**ACTION ITEM:** From the listing below, give again exactly the lines from the line with "By using geom_density_ridges_gradient(), we" to the line with "وكتب عمر كمال", ends included, without any pictures.

**SUPPLIED MATERIAL:**
[Start of Attachment]

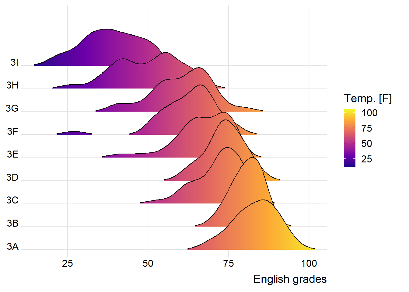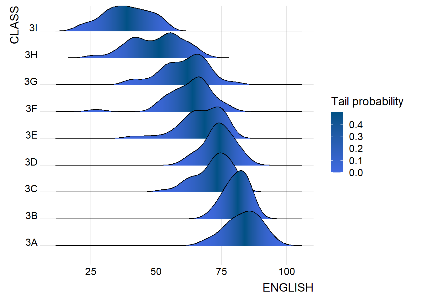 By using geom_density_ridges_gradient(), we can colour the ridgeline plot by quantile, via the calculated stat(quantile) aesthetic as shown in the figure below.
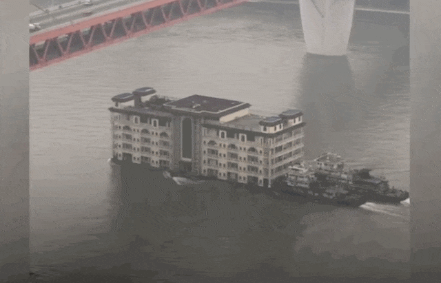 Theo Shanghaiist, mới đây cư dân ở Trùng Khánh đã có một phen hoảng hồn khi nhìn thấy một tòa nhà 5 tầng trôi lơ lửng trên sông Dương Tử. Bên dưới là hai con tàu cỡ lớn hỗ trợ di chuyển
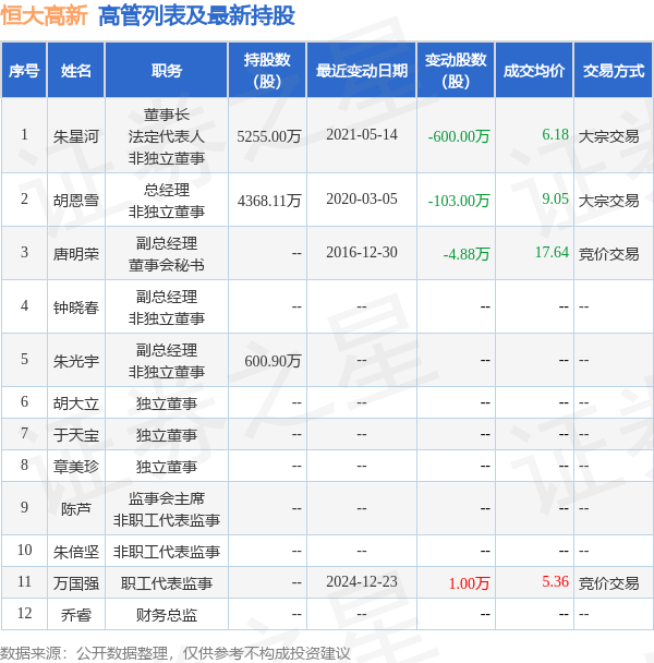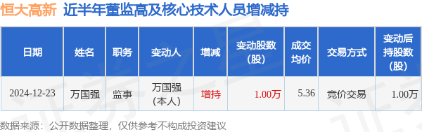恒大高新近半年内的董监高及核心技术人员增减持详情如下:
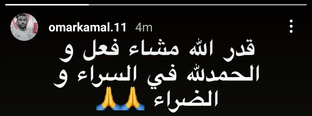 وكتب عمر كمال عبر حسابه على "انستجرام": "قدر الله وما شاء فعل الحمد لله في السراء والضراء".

[End of Attachment]
[Start of Attachment]

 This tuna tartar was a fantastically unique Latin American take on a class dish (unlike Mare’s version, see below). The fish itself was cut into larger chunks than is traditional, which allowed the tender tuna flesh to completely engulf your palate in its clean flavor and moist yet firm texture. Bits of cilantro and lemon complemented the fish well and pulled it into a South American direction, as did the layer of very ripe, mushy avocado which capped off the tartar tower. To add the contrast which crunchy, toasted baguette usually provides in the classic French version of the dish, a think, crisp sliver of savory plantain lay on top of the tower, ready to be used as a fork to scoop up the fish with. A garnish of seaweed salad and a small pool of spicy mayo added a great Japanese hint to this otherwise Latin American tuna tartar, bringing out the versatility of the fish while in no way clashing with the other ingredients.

[End of Attachment]

**COMPLETED TASK:**
 By using geom_density_ridges_gradient(), we can colour the ridgeline plot by quantile, via the calculated stat(quantile) aesthetic as shown in the figure below.
 Theo Shanghaiist, mới đây cư dân ở Trùng Khánh đã có một phen hoảng hồn khi nhìn thấy một tòa nhà 5 tầng trôi lơ lửng trên sông Dương Tử. Bên dưới là hai con tàu cỡ lớn hỗ trợ di chuyển
恒大高新近半年内的董监高及核心技术人员增减持详情如下:
 وكتب عمر كمال عبر حسابه على "انستجرام": "قدر الله وما شاء فعل الحمد لله في السراء والضراء".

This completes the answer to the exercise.